The album is very much what it advertises itself to be: 12 songs about wanting someone you haven’t got. And though it may seem paradoxical to talk about evoking confidence and forlorn love simultaneously, somehow, awkwardly enough, it all stumbles towards working. But perhaps that is the album’s major fault, that E’s songwriting hasn’t quite caught up to his new self image. While Eels’ lyrics have never been particularly poetic -- at times verging on uncomfortably straightforward -- doozies like “But now I found you and I know that we would be / So very happy if you could only see / That I was made for you, and you were made for me,” are all too prevalent on this record. Nonetheless, other tracks, such as opener “Prizefighter” do hint at renewed ego; though these may be songs about not getting the girl, at least here E sounds like he believes he deserves the girl.

However, in many ways the record is still vintage Eels, full of lo-fi blues riffs, clean-tone electric guitars backed by strings, and E’s signature croaking voice. In fact, it’s all too easy to draw stark similarities between songs from Hombre Lobo and others from just one album ago. Compare the following: “The Longing” = “The Suicide Life”, “Lilac Breeze” = “Hey Man (Now You’re Really Living)”, and “Lilac Breeze” = “Going Fetal”. While E has always carried a distinct sound that he has more or less ridden throughout, now, seven studio albums and a couple ‘solo’ releases, if you caught his two-man-band live show last spring he’s proven that he’s a talented enough musician to diversify. Even if just a little bit.

There’s no denying that Mark Oliver Everett is something of a polarizing musician. You likely either find his shtick charming and unique or a classic example of hipster douchebaggery. But either way, I encourage you to watch the documentary, Parallel Worlds, Parallel Lives, if you ever manage to catch it on the outskirts of public broadcasting.
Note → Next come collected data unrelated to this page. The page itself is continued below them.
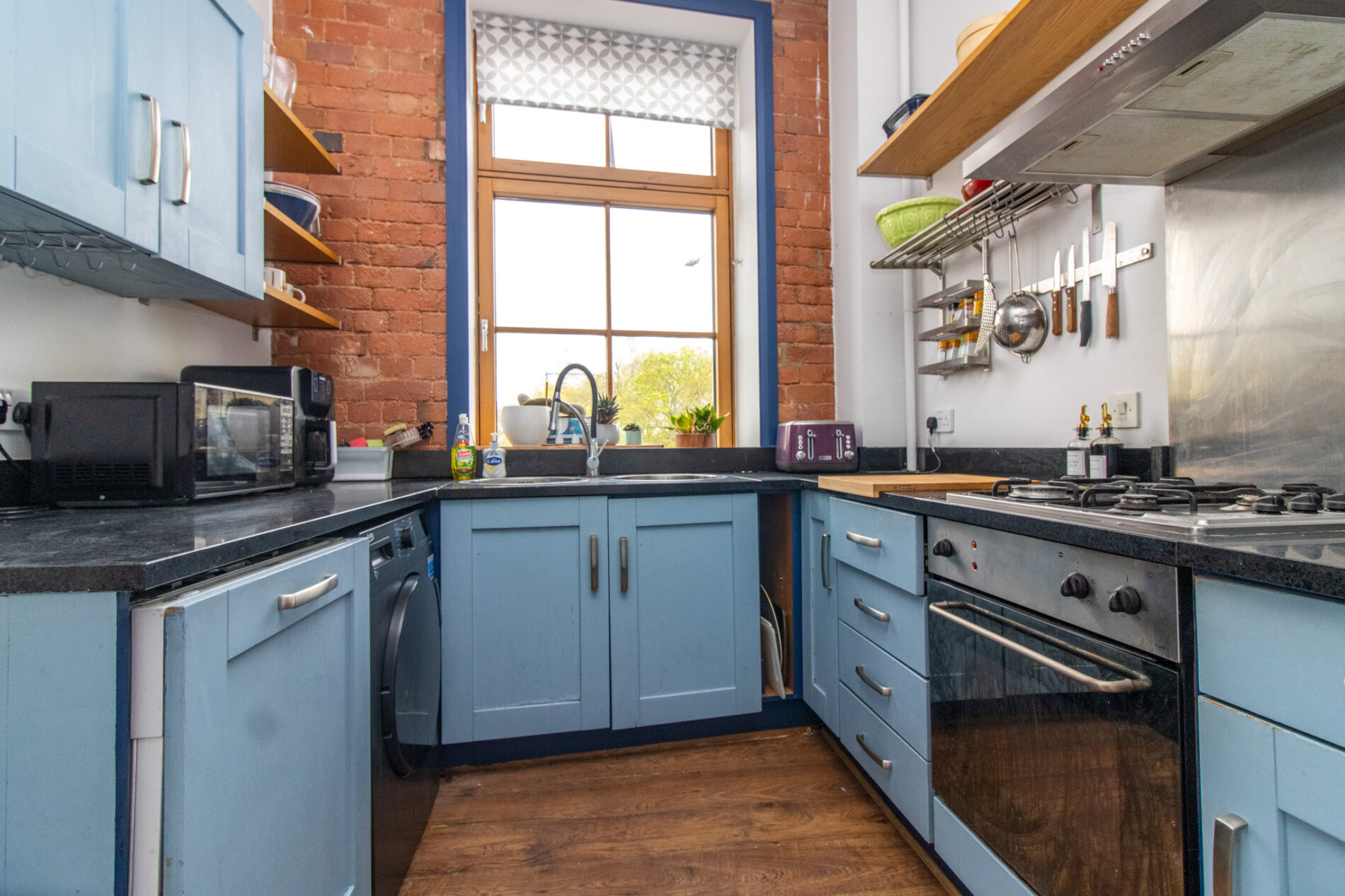 Comprising circular stainless steel drainer and sink with mixer tap over and cupboards under, matching base units with work surfaces over, drawers and cupboards, complementary wall mounted eye level cupboards, built in cooker and four piece gas hob with extractor fan over set in stainless steel hood with matching splash back, integrated fridge/freezer and dishwasher, hardwood sealed double glazed window.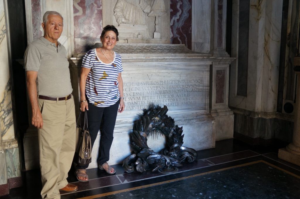Tumba del Poeta Dante Alighieri en Rávena, Italia. Traducción del latín del Epitafio: “Los derechos de la monarquía, los cielos y las aguas de Flegetonte visitando canté, hasta que quiso mi destino mortal. Sin embargo, como mi alma fue huésped en lugares mejores y más beata alcanzó entre las estrellas a su Creador, aquí estoy encerrado yo, Dante, exiliado de la patria tierra, generado por Florencia, madre de poco amor”. En Florencia, donde el poeta nació, un sepulcro vacío espera los despojos mortales que en Rávena yacen.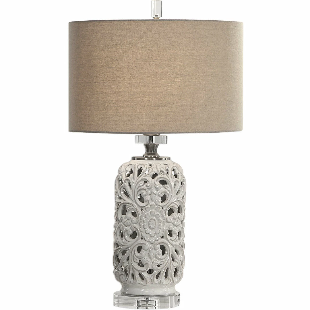 Updated styling to a traditional design, featuring pierced ceramic with decorative embossing, paired with thick crystal details and plated brushed gun metal accents. The round hardback drum shade is a light gray linen fabric. Due to the nature of fired glazes on ceramic lamps, finishes will vary slightly.

Though it is admittedly a self-serving voyage, I for one found the story of a man who has had a legitimately hard life finding such a striking common ground with his father legitimately compelling, and only the most hardened cynics could deny that.

Though his new album at times trips over itself and suffers from the unfamiliarity and apprehension of beginning anew, it still harbors the same charm that has always made Mr. E such an interesting figure: the fact that he is, indeed, “no ordinary man.”